## Given information
———
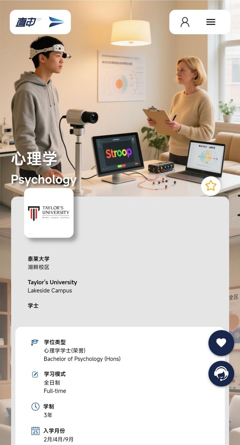 泰莱大学的心理学(荣誉)学士学位课程,是一个为期3年、涵盖心理学主要分支的综合性理学项目。课程严格遵循国际学术标准,系统介绍从生物心理学到社会心理学的核心知识体系,并着重培养学生设计、执行与评估心理学研究的实证能力。通过理论学习与实验实践的结合,学生将学会以科学的视角分析人类行为,并为解决现实世界中的个人、组织及社会心理议题做好准备。
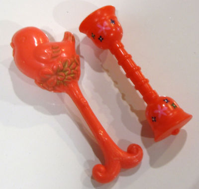 2 Vintage Baby Rattles - Pink Bird Shape & Flowers
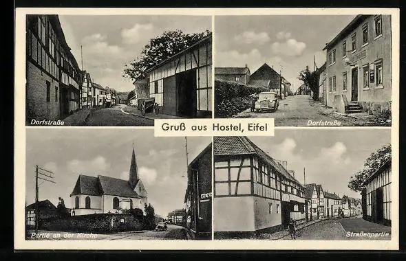 AK Hostel i. Eifel, Dorfstrasse, Partie an der Kirche, Strassenpartie
———
## Your goal
An exact copy of the material is required, minus the pictures.

## Answer to this problem
 泰莱大学的心理学(荣誉)学士学位课程,是一个为期3年、涵盖心理学主要分支的综合性理学项目。课程严格遵循国际学术标准,系统介绍从生物心理学到社会心理学的核心知识体系,并着重培养学生设计、执行与评估心理学研究的实证能力。通过理论学习与实验实践的结合,学生将学会以科学的视角分析人类行为,并为解决现实世界中的个人、组织及社会心理议题做好准备。
 2 Vintage Baby Rattles - Pink Bird Shape & Flowers
 AK Hostel i. Eifel, Dorfstrasse, Partie an der Kirche, Strassenpartie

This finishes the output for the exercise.